**DATA SEGMENT**:
■ ■ ■ ■

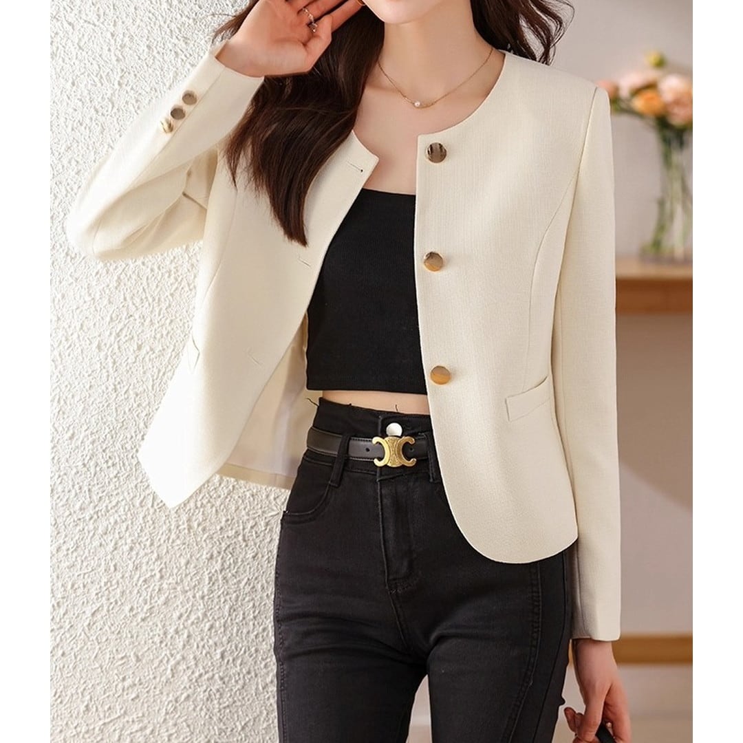 ノーカラーで首元をすっきりと見せてくれるジャケット。ヒップにかかる丈感で、スタイルアップ効果も期待できます。ボタンを留めてきちんと感を演出したり、前を開けてカジュアルに着こなしたり、様々なシーンで活躍します。オフィススタイルから、ちょっとしたお出かけまで、幅広く活用できる一枚です。
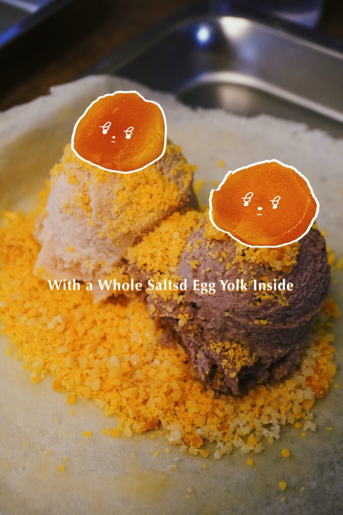 結合鹹蛋黃做成的堅果叭噗冰捲,鹹香濃郁,堆疊層次,帶給大家不同以往的臺灣味。
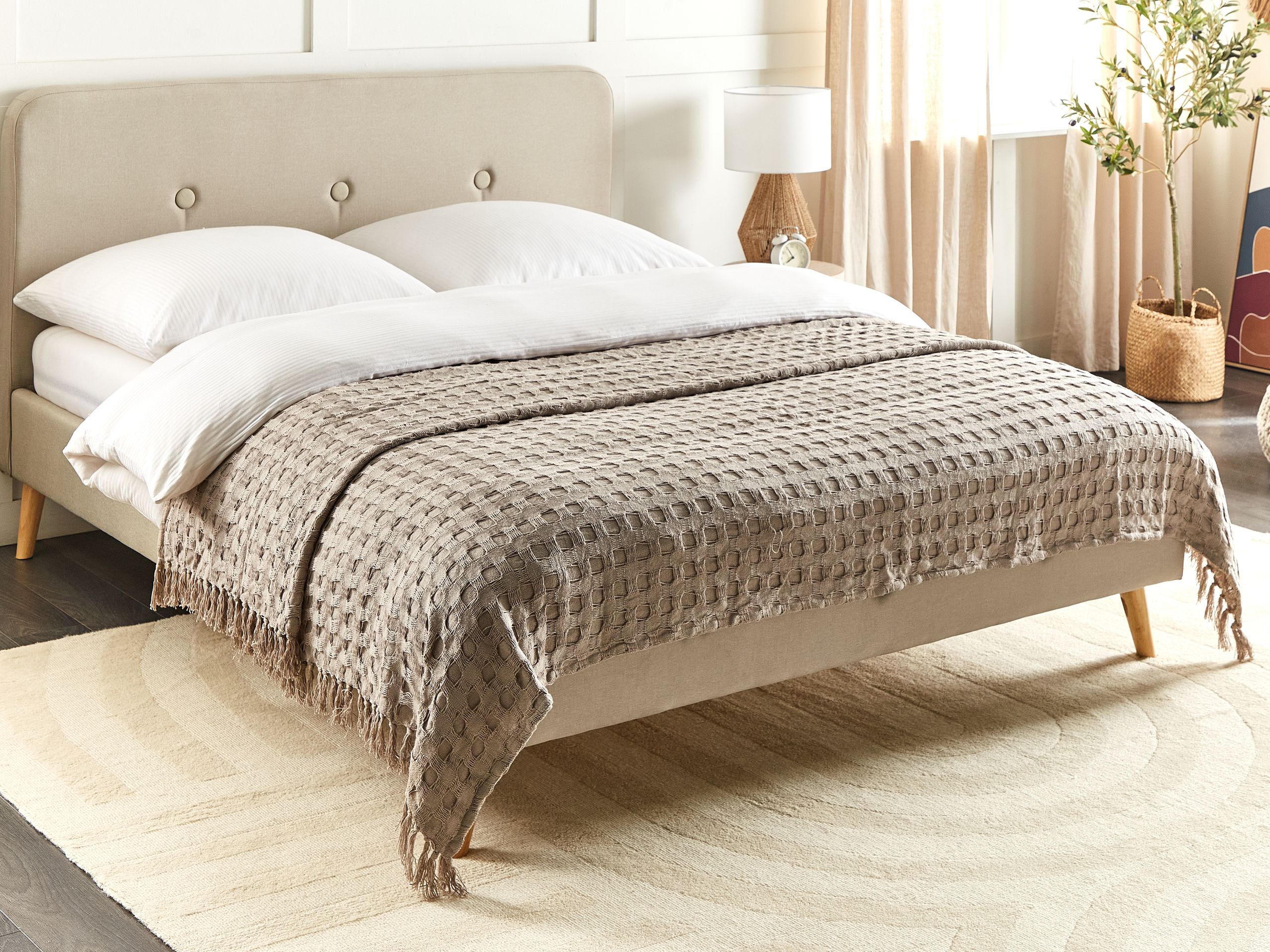 Tyylikäs päiväpeite hapsuilla. Nauti tämän päiväpeiton pehmeästä mukavuudesta, joka sopii monipuolisesti sekä mukavaksi peitoksi että tyylikkääksi sängynpeitteeksi. Pehmoisesta puuvillasta valmistettu ja viehättävillä hapsuilla koristeltu peite tuo ripauksen hienostuneisuutta jokaiseen makuuhuoneeseen. Helppohoitoinen ja konepestävä, se tarjoaa vaivatonta ylläpitoa laadusta tinkimättä.

■ ■ ■ ■

**TASK BRIEF**: Without the pictures, retype all of the data above exactly.

**EXERCISE ANSWER**:
 ノーカラーで首元をすっきりと見せてくれるジャケット。ヒップにかかる丈感で、スタイルアップ効果も期待できます。ボタンを留めてきちんと感を演出したり、前を開けてカジュアルに着こなしたり、様々なシーンで活躍します。オフィススタイルから、ちょっとしたお出かけまで、幅広く活用できる一枚です。
 結合鹹蛋黃做成的堅果叭噗冰捲,鹹香濃郁,堆疊層次,帶給大家不同以往的臺灣味。
 Tyylikäs päiväpeite hapsuilla. Nauti tämän päiväpeiton pehmeästä mukavuudesta, joka sopii monipuolisesti sekä mukavaksi peitoksi että tyylikkääksi sängynpeitteeksi. Pehmoisesta puuvillasta valmistettu ja viehättävillä hapsuilla koristeltu peite tuo ripauksen hienostuneisuutta jokaiseen makuuhuoneeseen. Helppohoitoinen ja konepestävä, se tarjoaa vaivatonta ylläpitoa laadusta tinkimättä.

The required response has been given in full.